何件かの店を回った後、キヅカはジョナンドにいった。
「明日、昨日の店のシェフに会わせていただけませんか?僕ならあの肉をもっとうまく焼ける自信があります」
翌日、エイモンドは約束通り、キヅカとともに昨日の店を訪れた。営業前ではあったが、大柄だが短いひげを蓄えたかなりのイケメン店主とはエドモンドとは古くからの付き合いらしく、快く迎えてくれた。名前はジョナンドというらしい。
「キヅカとやら。俺の肉をもっとうまくしてくれるんだって?」
互いに挨拶を交わしたのち、ジョナンドが挑戦的な口調でキヅカに聞いた。
「この肉をもっとおいしく、もっと多くの人に食べてもらいたいと思いませんか」
キヅカは店主であるジョナンドに聞いた。
「昔からこのスタイルでやっていて、それなりに繁盛している自負がある。しかし、満足しているかというと実はそうでもない。新たな焼き方も研究したいんだが、不安もある」
やや不満を持って仕事をしているが、繁盛しているがゆえに、なかなか大きく変えることができないということか。これなら受けて入れてくれるかもしれない。
キヅカはざっと厨房を見渡した。仕込み中であるようで包丁やまな板が散見されるが、決して散らかってはいない。生ごみが散乱していることもない。包丁やまな板、それにかまどにしてもきっちり手入れされている。店が繁盛するのも納得である。
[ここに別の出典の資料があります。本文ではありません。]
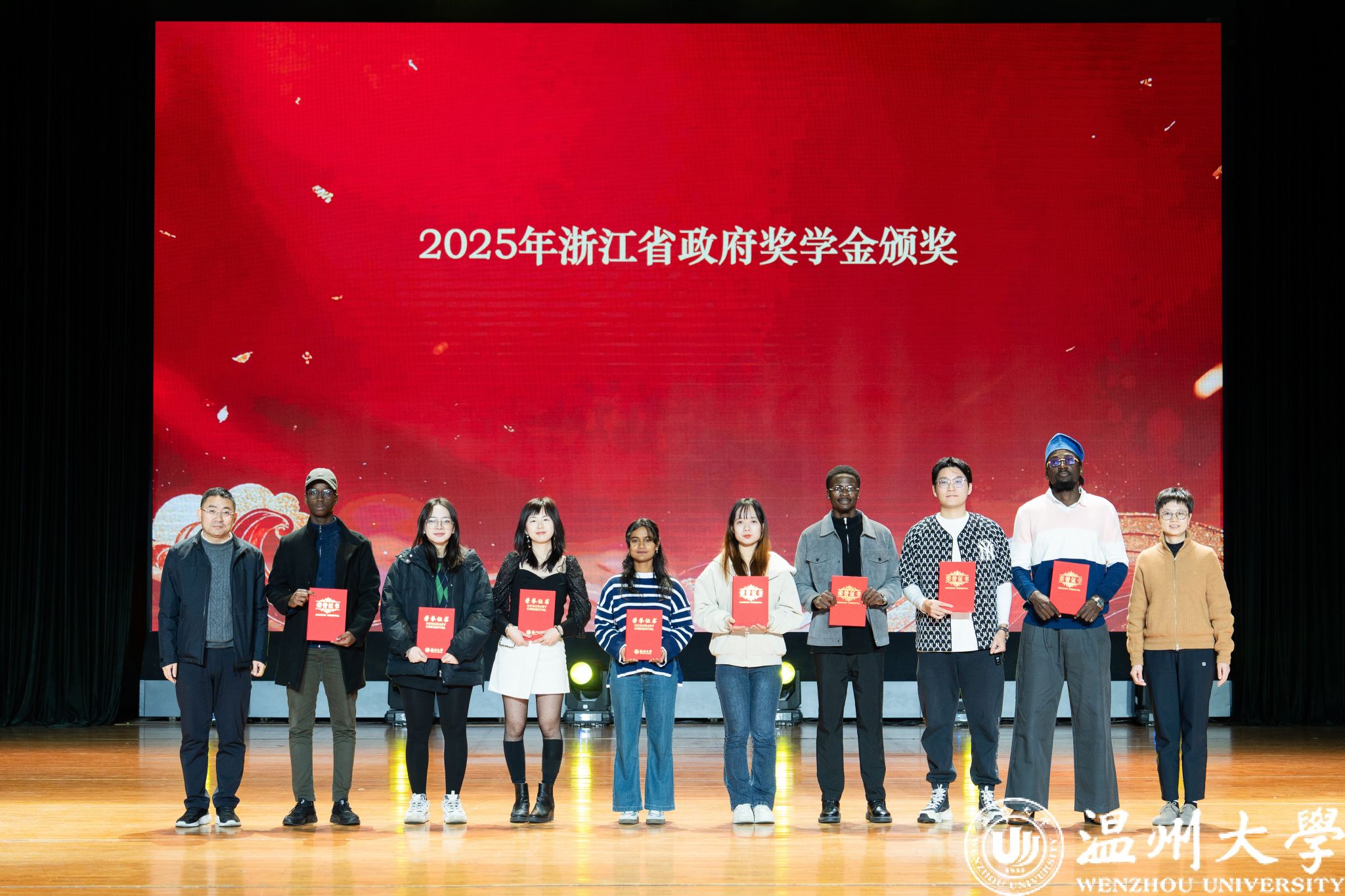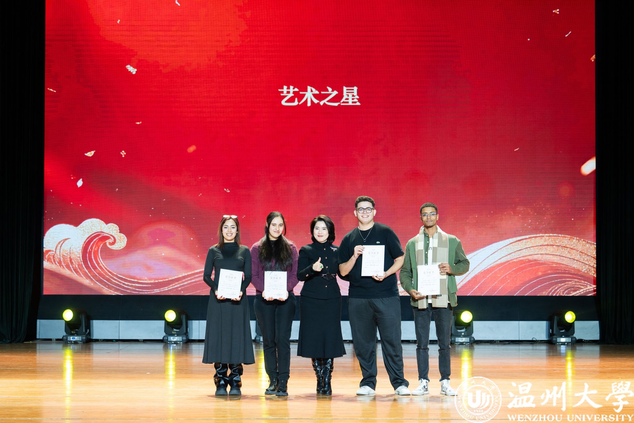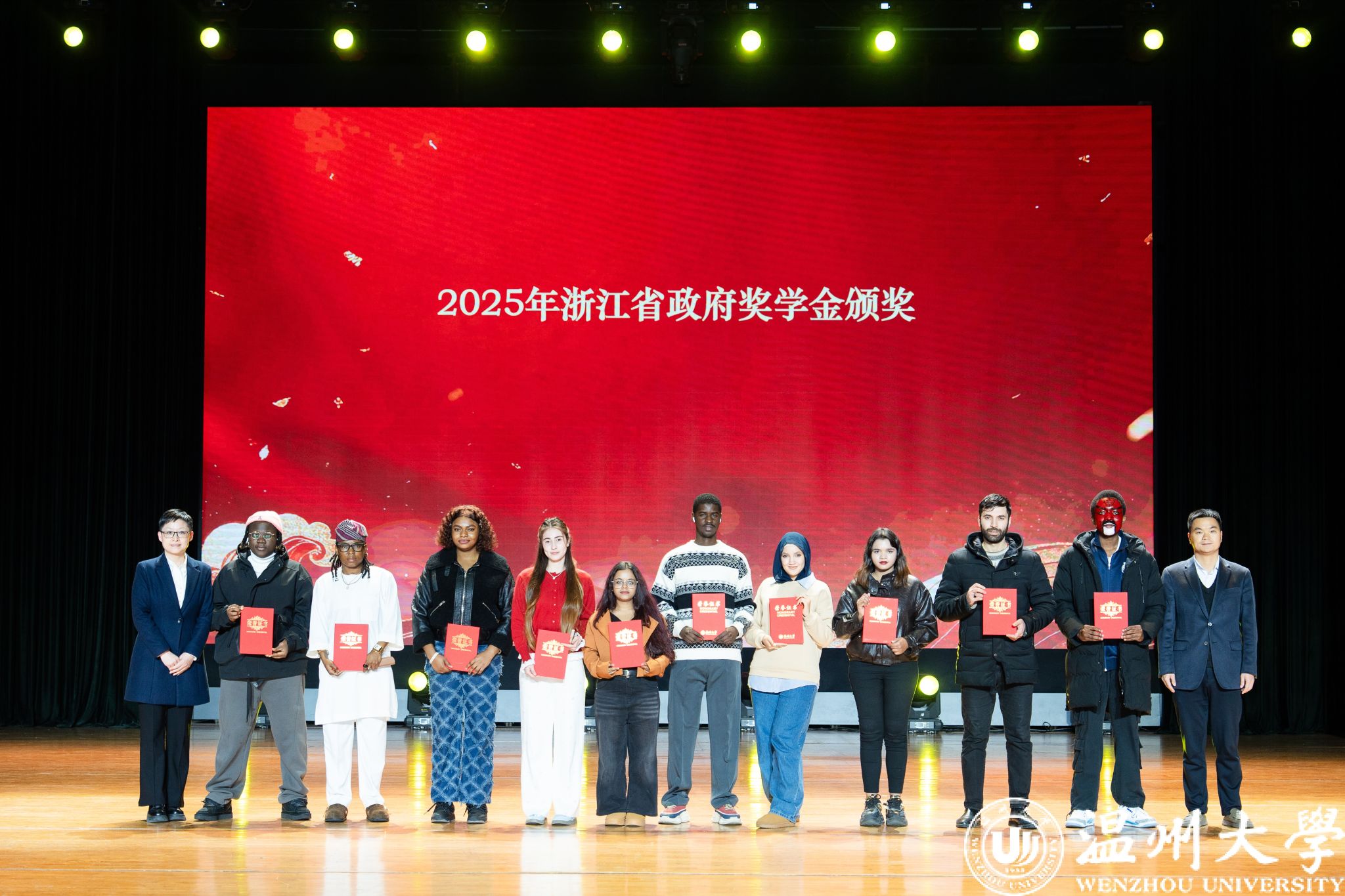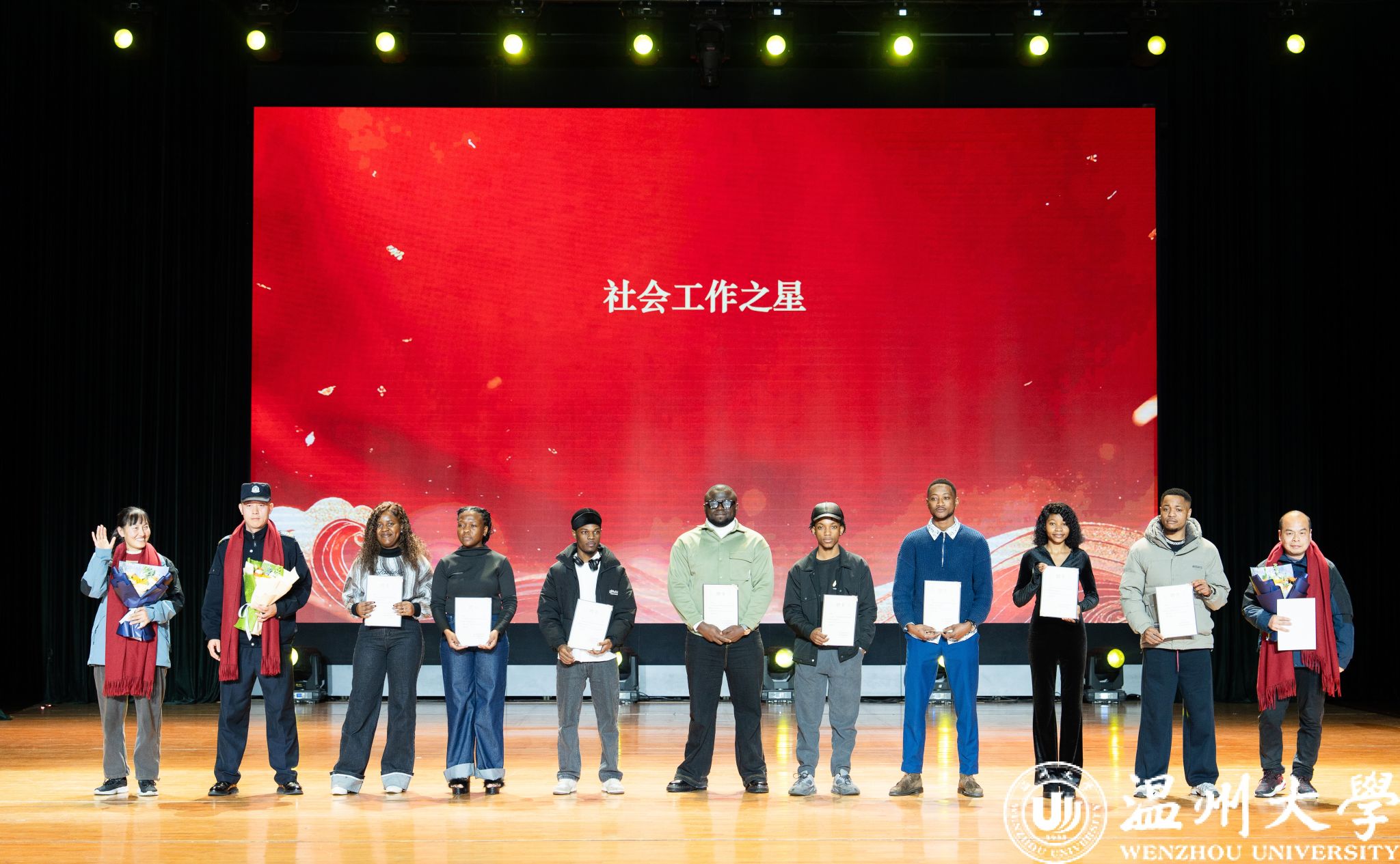 留学生管理队伍CA风采展》等系列纪实视频,生动回顾了一年来国际学生在艺术、体育、社会工作、公益服务等领域的成长与贡献。现场依次表彰了“艺术之星”“体育之星”“公益之星”“见义勇为之星”等奖项,并为“2025年浙江省政府奖学金”及“2025温州市国际友人汉语大赛”获奖者颁奖。

「少し、肉を分けていただけませんか。あと、なにか底の深い入れ物とルービも」
「うむ。これに関してはきちんと請求するからな」
「わかってる」
ジョナンドはエドモンドに念を押し、1人前の肉をまな板の上においた。脂身はないものの、赤々しいその身はまるでルビーのように輝いて見える。
いい肉だな、と思いながら、キヅカは包丁で3㎝程度にスライスしていった。それでもかなりの大きさになり、元の世界では「デカ盛り」として有名になるくらいの大きさだ。そんな大きさの肉が6-7枚切り分けられた。キヅカがよく食べきれたと思う。
「おいおい、そんなに薄くしたら食べ応えがないじゃないか」
エドモンドからクレームが入るが、とりあえずは無視。パッドに肉を並べ、そこにルービを注いでいく。おそらく発酵が足りないために薄味になっていると思われるが、発酵しているなら菌はいるだろう。それで肉を柔らかくするのだ。エドモンドが何か言いたげにしているが、これも無視する。
「これでしばらく時間をおいて下さい。またしばらくしたら来ます」
そういうとキヅカは店を出た。肉はめどは立っている。問題はソースだ。コショウがあれば話が速いのだが、スパイス系統はやや値段が高い。売るためにはある程度の値段に抑える必要がある。しかし、ステーキソースになるようなものを考える必要があった。
だが、キヅカには目星をつけた食材があった。先ほど市場を案内してもらった時に、レモンと思われる果実が売られているのを見つけた。そして牛がいるということはミルクがあり、ミルクがあるということはバターもあるはず。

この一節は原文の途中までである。